(Mt 18, 16-20)
Podemos pedirle a Dios muchos favores, y puede que nos los conceda; pero si la salvación de Dios son los favores que hace por nosotros, todavía no somos verdaderamente cristianos, todavía no es Él nuestra auténtica salvación. Dios sería nuestro salvador, no nuestra salvación; y no es esa la experiencia de la auténtica espiritualidad cristiana. Sería una tristeza enorme para nuestras ansias de absoluto que el horizonte con el que nos tuviéramos que conformar fuera el de lo que Dios hace por nosotros, ajenos a su verdadera intimidad.
La única satisfacción que desea el alma tocada por Dios es la comunión absoluta fruto de una autodonación plena.
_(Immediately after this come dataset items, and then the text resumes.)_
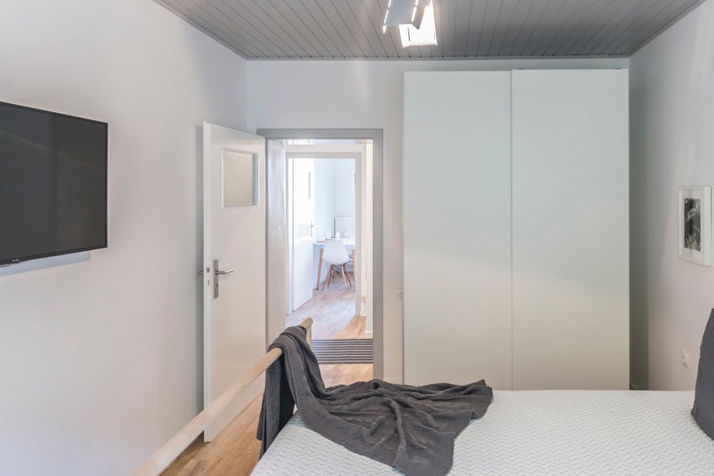 This fully furnished apartment has everything you need. Furnished living in Düsseldorf at a high level! The apartment was completely renovated in 2016 with a new oak parquet throughout the living room, a new kitchen, a new bathroom, gas heating, etc. In the kitchen, you will find, among other things, a Senseo coffee machine, a kettle, a large fridge-freezer, and a dining table with seating for up to four Persons. The bedroom has a 160 cm double bed, and a Smart TV, and the window can be darkened with a pleated blind if desired. The stated rental price refers to occupancy by one...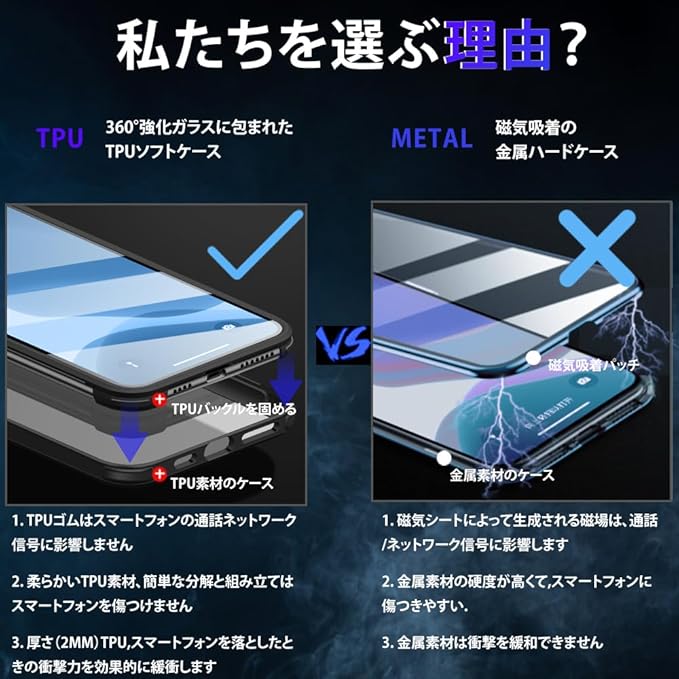 【精選した材質】前面9H強化ガラス+背面透過率99.9%PC素材はスマートフォンを保護し、タッチ感度に影響しません. 金属やマグネットを使用しない高弾性TPUにはスマートフォンの通話信号を全然影響しません。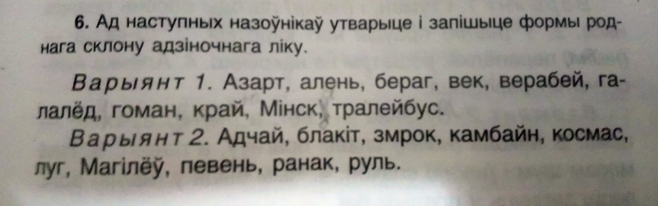 Адчаю, блакіту, змроку, камбайна, космасу, лугу, Магілёва, пеўня, ранку, руля.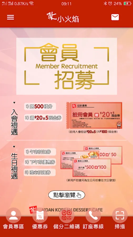 使用此手機程式登記註冊成為”小火焰”會員,您可以獲得下列優惠: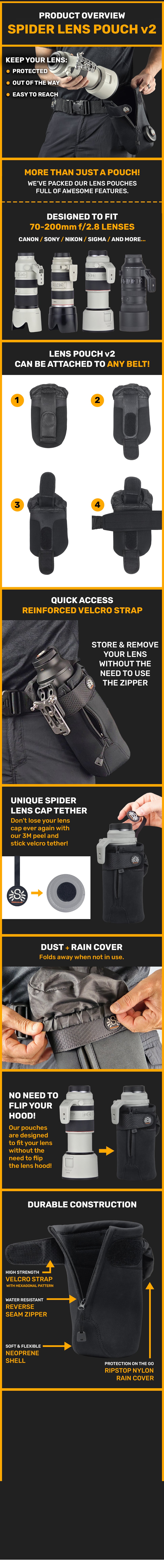 The SpiderPro Lens Pouch v2 shares many of the great features of the original such as the built-in rain cover, lens cap tether and heavy duty zipper.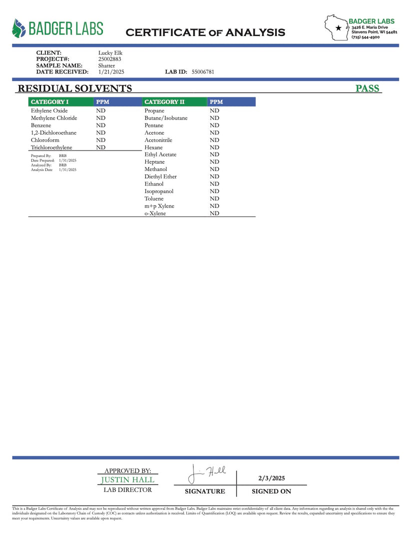 Crisp, clean, and highly potent—THCa Shatter delivers a pure, glass-like concentrate with sharp flavors and strong effects. Made from organically grown cannabis, this extract offers the classic pull-and-snap consistency. With its stable, translucent structure, shatter preserves the essential cannabinoids and terpenes of each strain, letting the bold aromas and flavors shine. Designed for dabbing, THCa Shatter provides a clean, powerful vapor with smooth, consistent effects in every hit.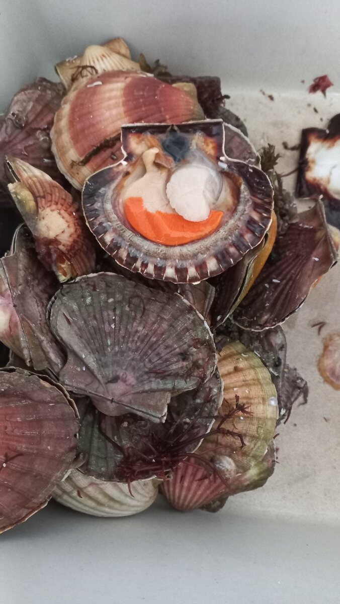 ⅕Quota de Saint Jacques du côté de Saint lunaire avec les copains du club entre 11h et 12h30 ! Mi marée montante voir fin de montante. Il y avait 12 à 13 m de fond ! Une eau translucide c'était génial. Le corail est bien rouge vif en mer aussi -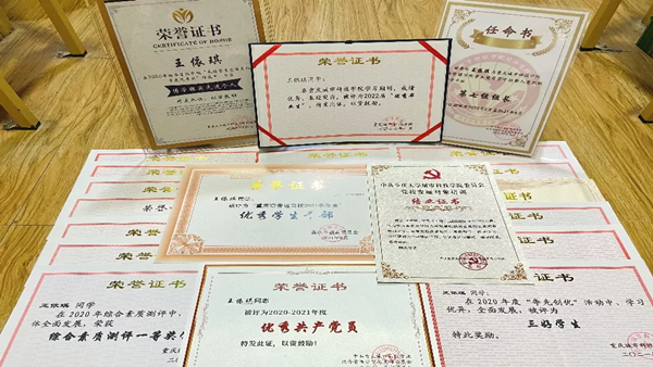 入校以来,王依琪同志在学习上她从不懈怠,并以孜孜不倦的求学态度斩获优异成绩,曾连续两年综合测评专业第一,获重庆市“优秀学生干部”,学校“综合测评一等奖学金”、“优秀毕业生”、“三好学生”,学院“博学雅实先进个人”等荣誉称号。在校期间她对自己要求严格,不断丰富、开阔自己的知识和视野。在生活中,王依琪同志采用日程表的方式来记录协调好学习、工作与生活,有效利用好时间,合理规划并附注行动。善于记录使得她时常发现生活中的美好,她经常利用空闲时间更新自己的公众号,这样的生活方式使得她很快找准人生方向、减少迷茫,对待生活也变得更加积极与勤奋。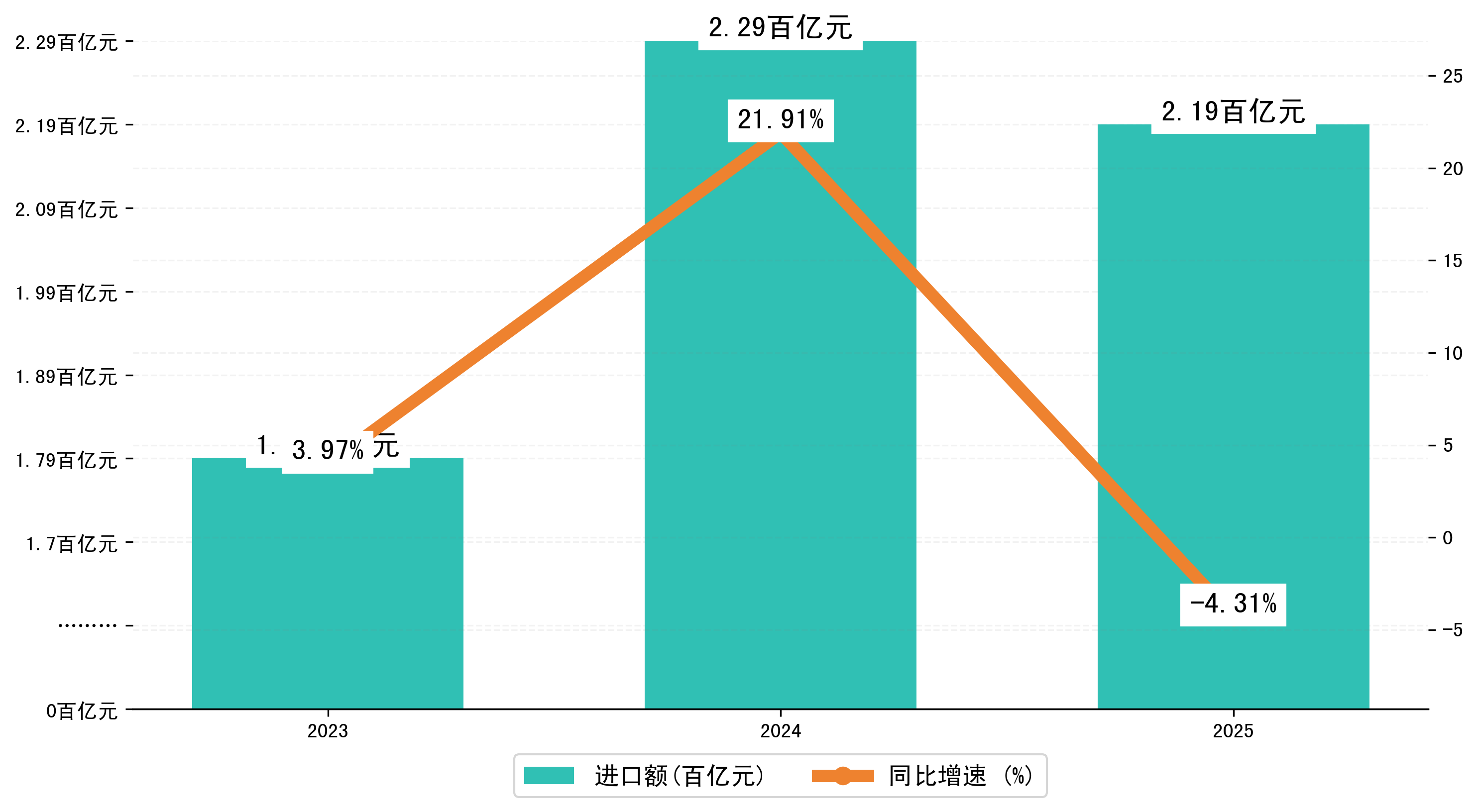 以美元计,2025年1月杭州市进口额为30,4036.6054万美元,相比上月减少了1,1119.2233万美元;相比上年同期减少了1,7867.4212万美元,同比减少-6.10%。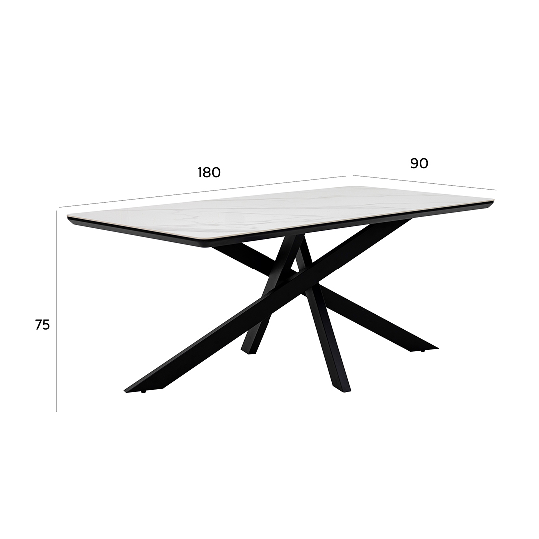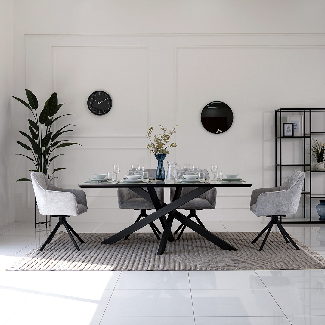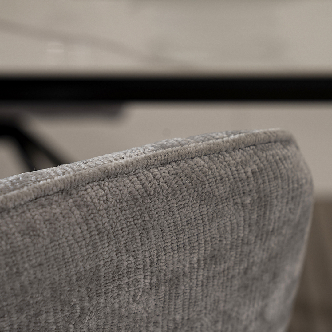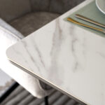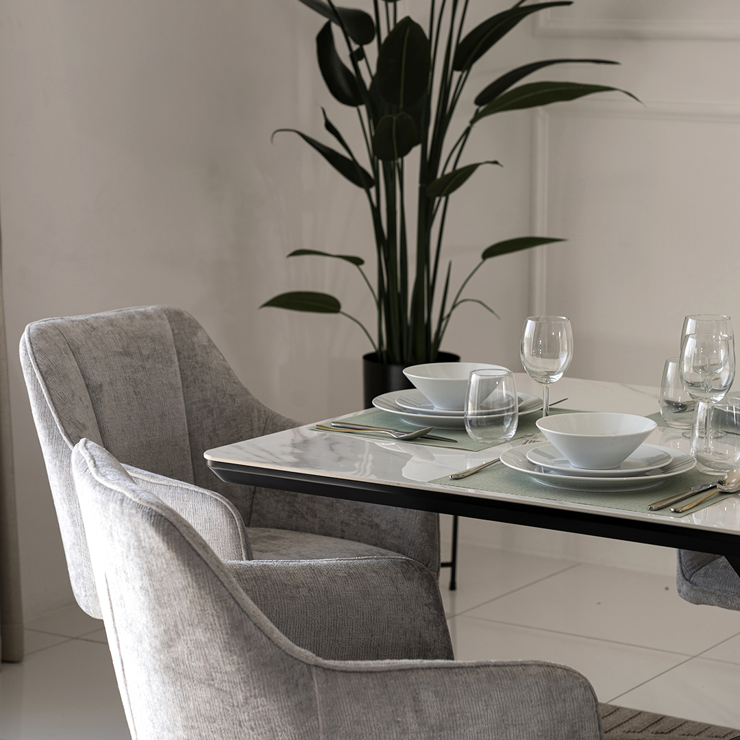 The Florence Dining Set combines sleek modern materials and a sophisticated color scheme, perfect for contemporary dining spaces. The table features a luxurious sintered stone tabletop, which is known for its durability, heat resistance, and easy-to-clean surface.
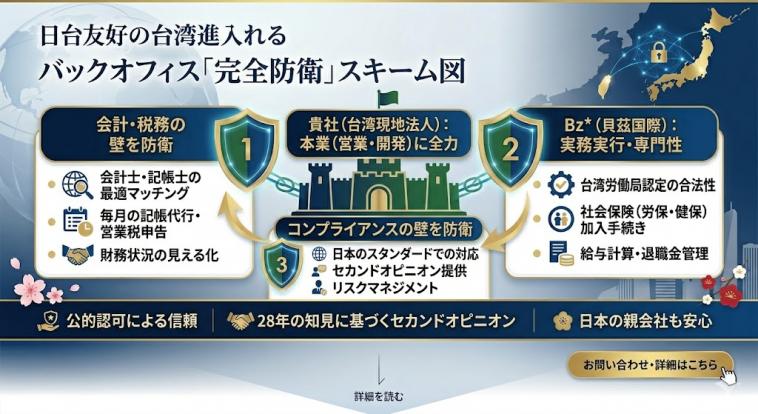 「通訳」ではなく「翻訳者」としての介在: 専門用語の通訳だけでは、経営判断を誤ります。弊社は台湾の法律と日本の常識のギャップを埋める「翻訳者」として、実務の現場を調整し続けます。トラブルが発生した際、会計士に直接言いづらいことも、弊社が貴社の立場に立って交渉・解決します。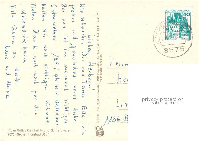 73672065 alte Postkarte Kirchenthumbach Ortsansicht mit Kirche Denkmal Heiligenfigur Hauptstrasse postalisch gelaufen Erhaltung siehe scans [FriedD77] KatCode: 11110009374129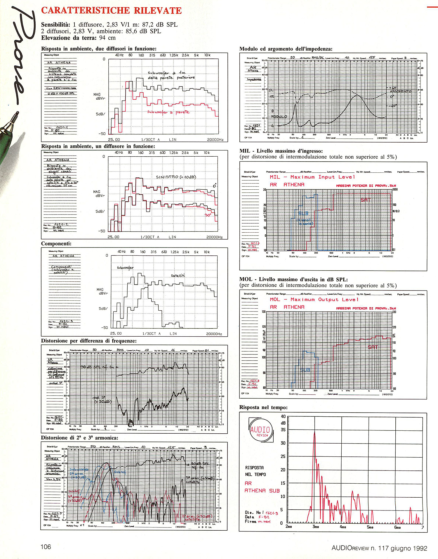 Alle consuete misure di MIL e MOL il sistema AR Athena, ad onta delle piccole dimensioni, si è comportato in maniera esemplare. Il sub riesce ad emettere i 100 dB già a partire da 80 Hz, mentre il satellite presenta un livello prossimo a questo già da 320 Hz in su.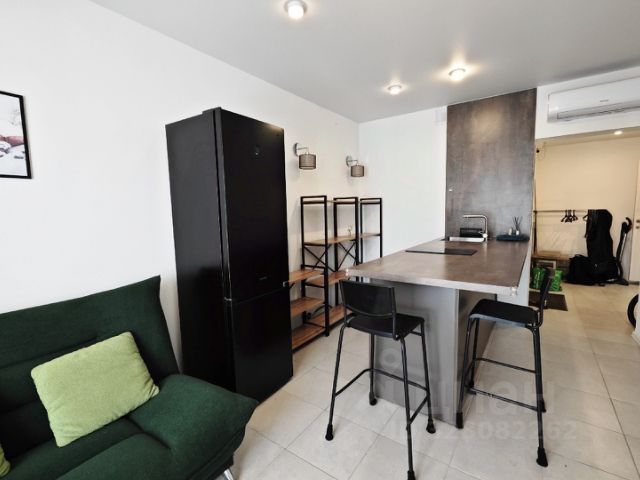 - в комнате есть отдельные мебелированные зоны: спальни, гостиной, мини рабочего кабинета со стеллажами для хранения, выполняющими зонирование, кондиционер, Wi-Fi.

Lo decía San Juan de la Cruz:
¡Ay!, ¿quién podrá sanarme?
Acaba de entregarse ya de vero.
No quieras enviarme
de hoy más ya mensajero:
que no saben decirme lo que quiero. (…)
En el hombre toda entrega es limitada, parcial; es entrega de algo nuestro, no de nuestra plena y auténtica intimidad. Y, sin embargo, sólo cuando nos entregamos a los otros desde nuestra intimidad, y los otros se nos entregan íntimamente podemos decir que vamos siendo personas auténticas. La gran limitación de las personas está en que sintiéndonos llamados a realizarnos en la entrega, no podemos entregar sino signos de nuestra propia intimidad: caricias, servicios, palabras…; pero lo más radical de nuestra intimidad aparece velado, y siempre sentimos miedo de disolvernos, de alienarnos, de anonadarnos en esa entrega. Y siempre nos entregamos parcialmente.
La gran noticia de la revelación cristiana es que Dios se nos entrega absolutamente para que podamos romper las barreras y las limitaciones de nuestra realidad corporal y vivir en un amor que supera nuestros propios deseos. Dios se entregó a su Hijo sin límites, y en esa entrega no le dio ninguna cosa, se dio a sí mismo, su propia realidad divina: lo engendró de su misma naturaleza, como dice el credo apostólico. Lo que es imposible para los hombres es posible para Dios.